At last we have a game that presents non-sexualised female characters, who can fend for themselves and have their own motivations. The only thing is they still don’t make it into the starring role. Naughty Dog’s Joel is the cliche stoic, be-stubbled strong, silent type and some have criticised the game for not telling the story from Ellie’s perspective, just to really subvert the genre. That would have been interesting, but maybe it’s just not the story the team wanted to tell and let’s face it, Joel’s journey is a captivating one.
But it’s not just Joel and Ellie who make the world of The Last of Us remain with you long after the end credits roll. They meet a wide cast of characters and each one feels like they’ve lived a life before we ever cross paths. Most notable is Billy, who is the least cliche gay character ever. His sexuality plays no significant part in his role within the game and we only find out in a throwaway moment, after Joel and Ellie have said goodbye to him. Billy’s sexuality isn’t used for camp, comic effect. He’s a survivor and reminds Joel that sentimentality will get you killed, a nod to the game’s thematic conflict.
Then Joel and Ellie meet a father and son, Henry and Sam. The four of them work together, as they are heading to the same place and they start to trust each other. At one point they are just about to escape a zone held by bandits, but an ambush traps Ellie and Joel. Henry and Sam make their apologies before running away. And it’s morally questionable actions like this that give the story weight. When Joel meets Henry again, Henry says that Joel would have done the same to save Ellie, had the roles been reversed. The sentimentality or die theme comes up again.

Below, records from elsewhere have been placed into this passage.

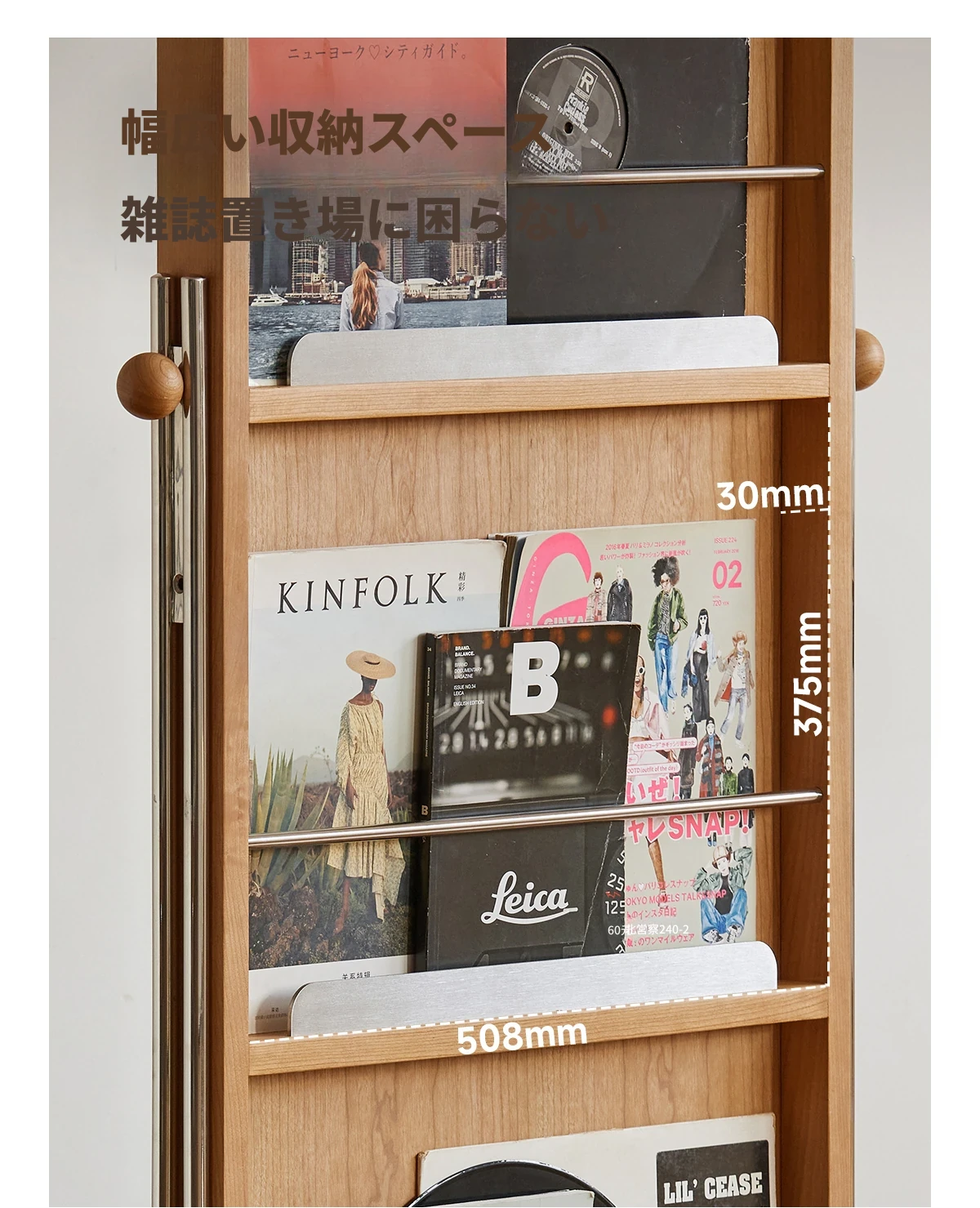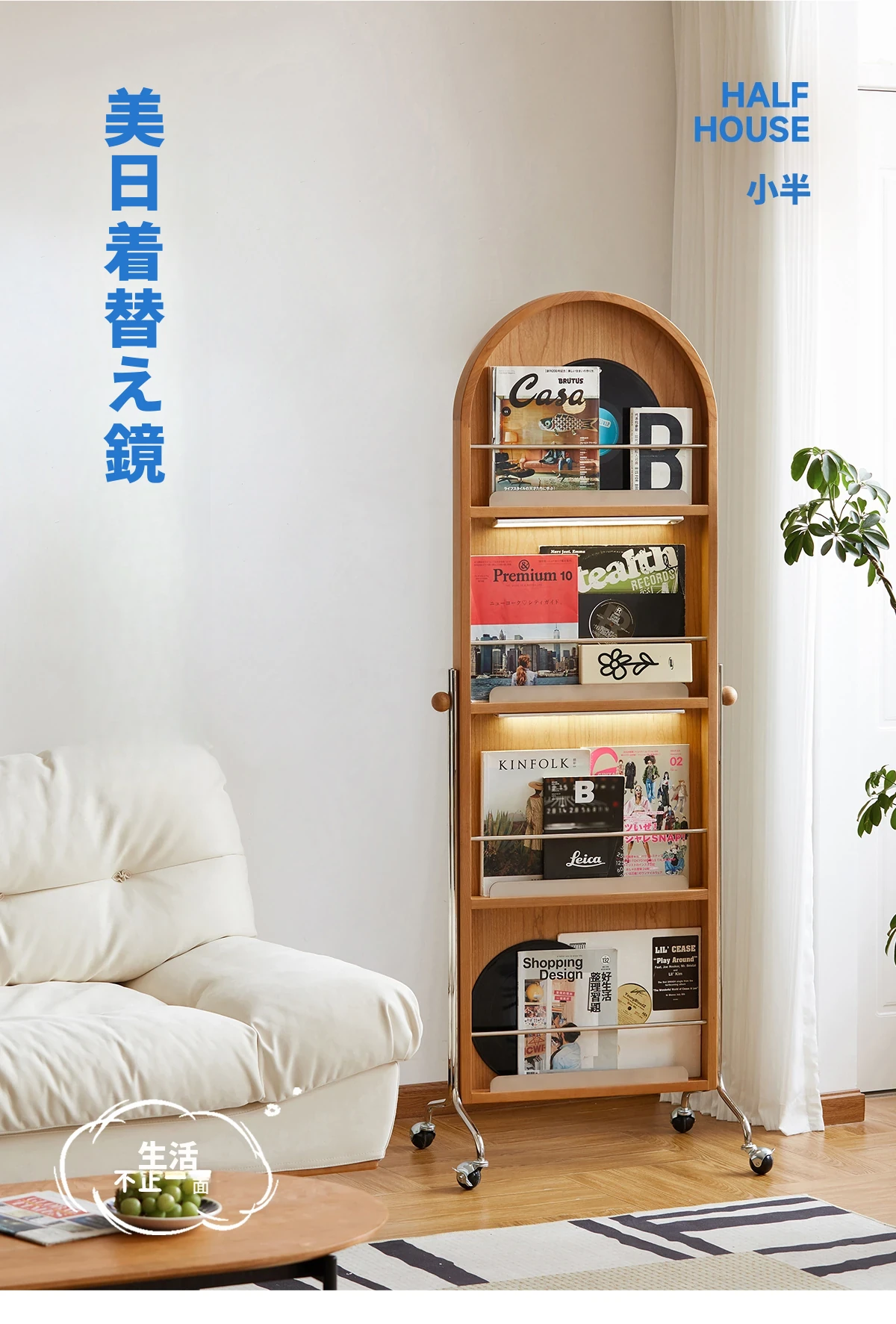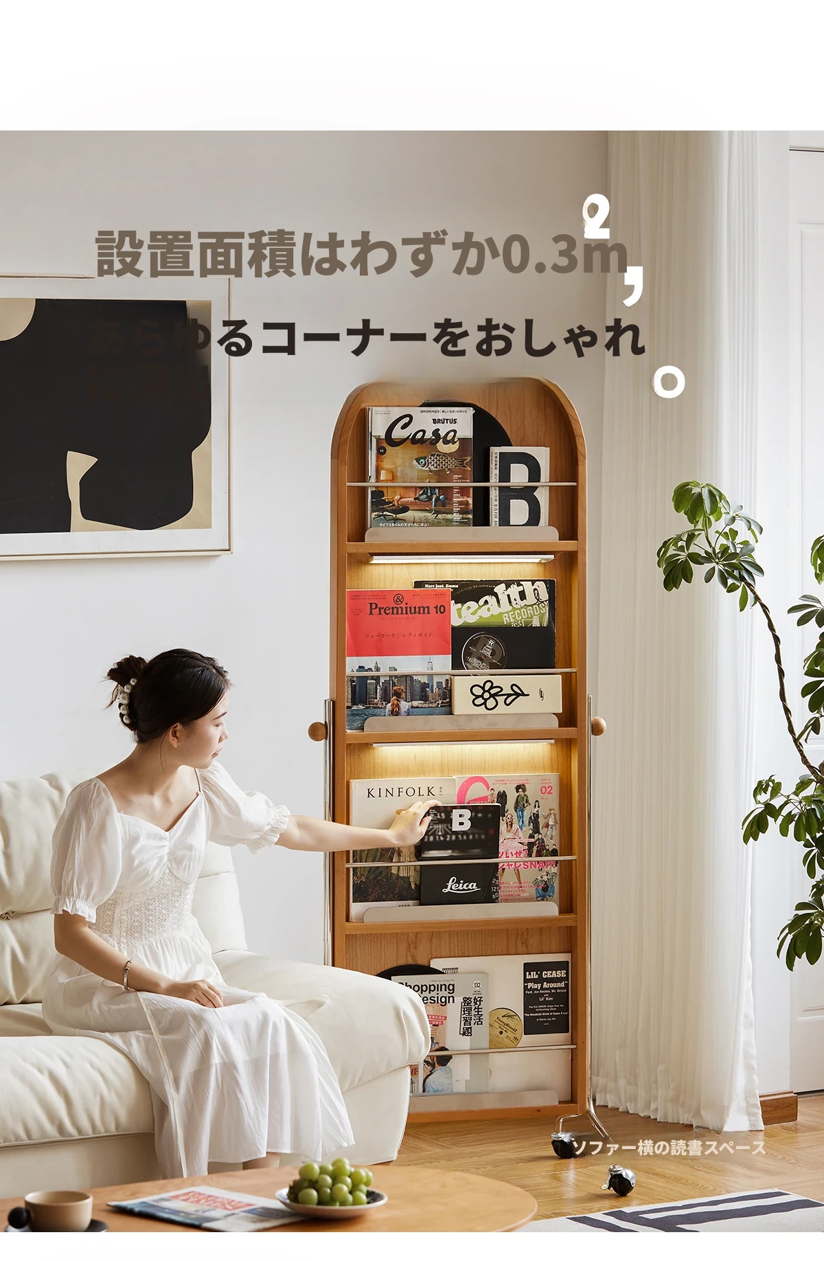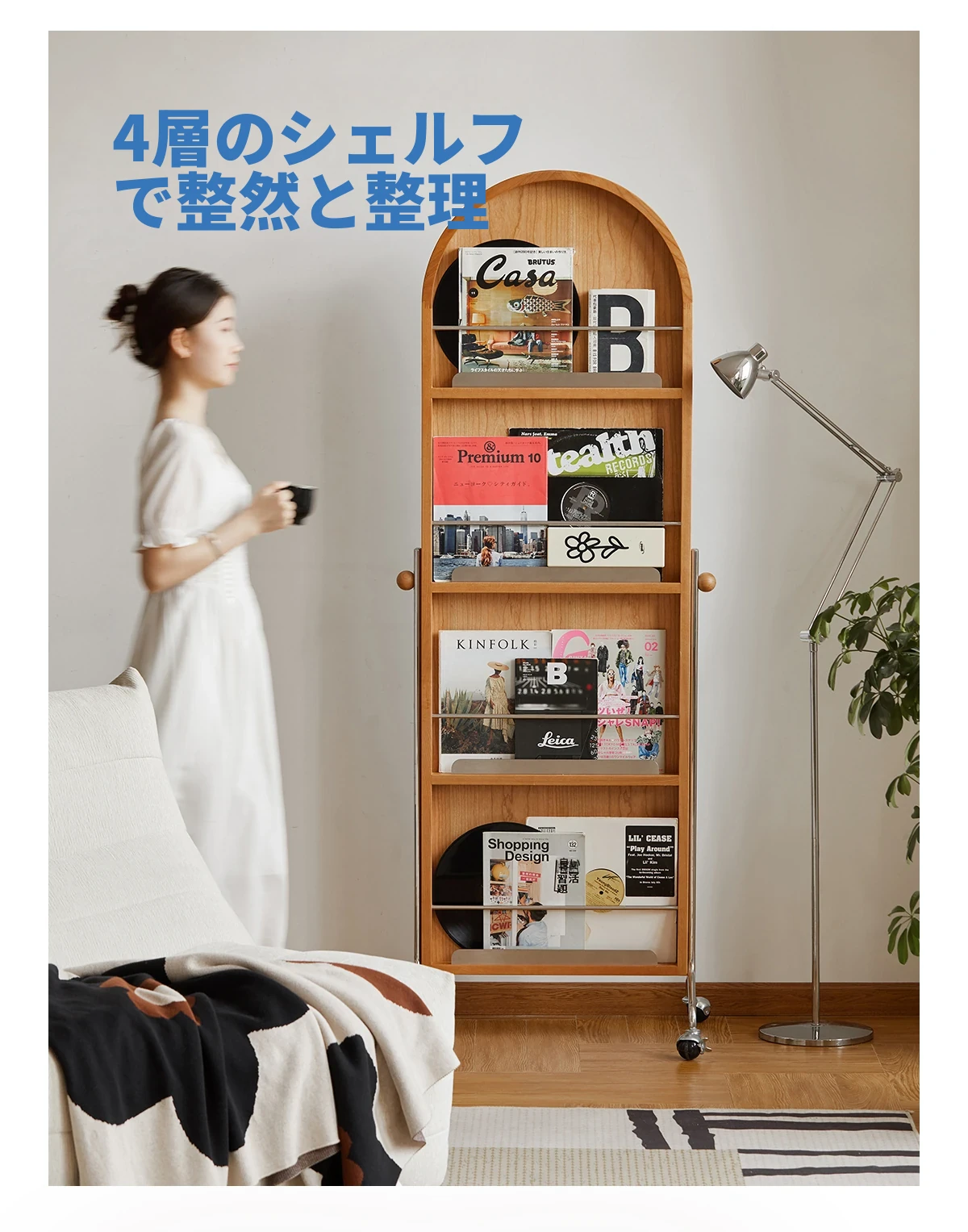 【魅力たっぷり】小半木材使用の移動式収納キャビネット&マガジンラック家具
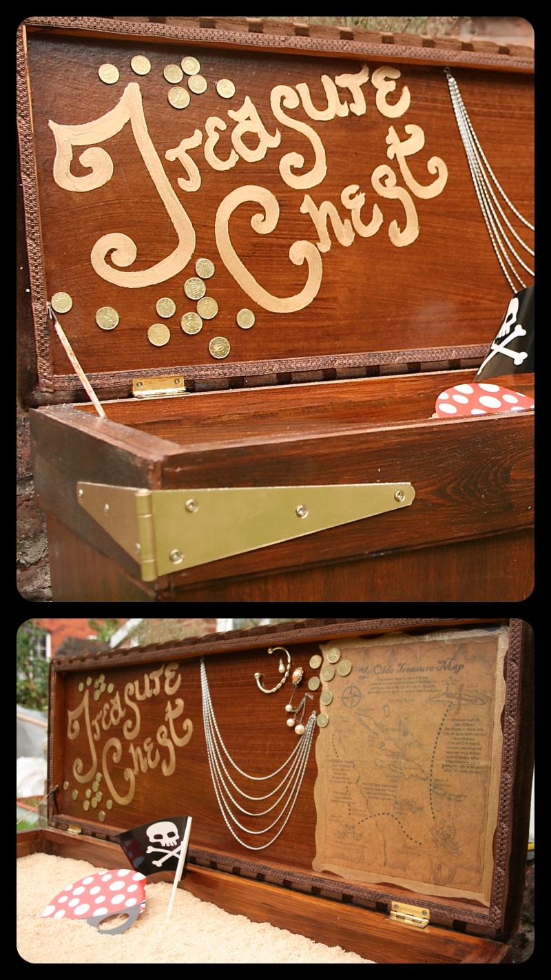 I used gold paint to write the words Treasure Chest and superglued some holiday leftover 10cent Euros coins randomly on the inside of the lid – I BET someone tries to get them off đŸ˜‰ For an added treasury feel, I also superglued some old jewellery on the lid – check charity shops for great gold & fake pearl finds. On Ebay I found a party shop selling treasure maps for 99p and added that too!
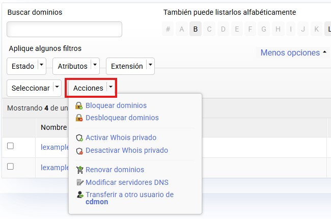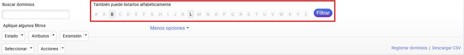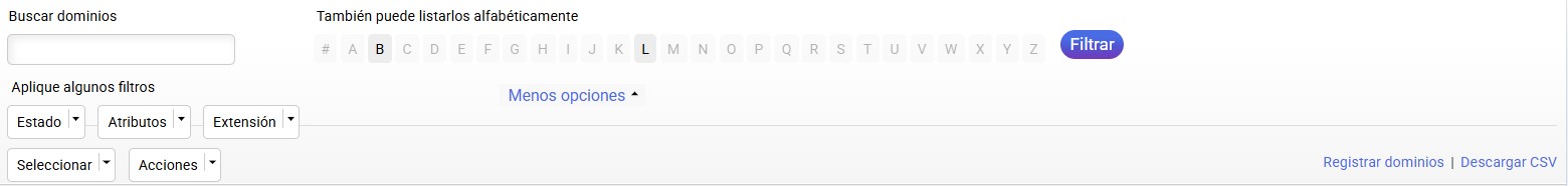 Una vez desplegado el botón "Más opciones ", podrás listar de forma rápida y eficaz los dominios que se encuentren según su estado, atributos o extensión.

All the characters in The Last of Us are complex. Sam wants his dad to be proud of him, but feels like he always messes up because he’s scared. Ellie admits she’s scared too, but her tough exterior means we don’t often see it.
However, it’s Joel who carries the story. He has baggage, such as a difficult relationship with his brother, which is sort of reconciled later in the game. But it’s the ending that really resonates, as Joel, the troubled father figure reveals that he isn’t really a hero. When he rescues Ellie from the Fireflies, he doesn’t do it for Ellie or for the greater good ‘ he does it for himself. The thought of losing Ellie, his second daughter, is too much to bear, so he sacrifices humanity just to keep her. And then he looks into Ellie’s eyes and lies about it.
It’s a tough ending. It’s bittersweet. You’re glad they’re together again, but wonder if the means really do justify the end. This is the most subversive thing about The Last of Us. Hollywood often eschews the morally ambiguous hero, in order to dish up a world that’s a black and white balance of good and evil. Naughty Dog doesn’t do that and tells a better story for it.
I feel that The Last of Us is a huge step in the right direction, when it comes to writing in games. We could criticise Naughty Dog for not giving Ellie more of a leading role, but I’d rather focus on the positive. We’ve been given a cast of great characters ‘ black, gay, female, male ‘ that we can really care about. That’s not something games give us very often. More stories from different perspectives are welcome, but until then just good stories will do. Naughty Dog has set the bar higher than it’s ever been, let’s hope they continue to push standards up ‘ the rest will follow.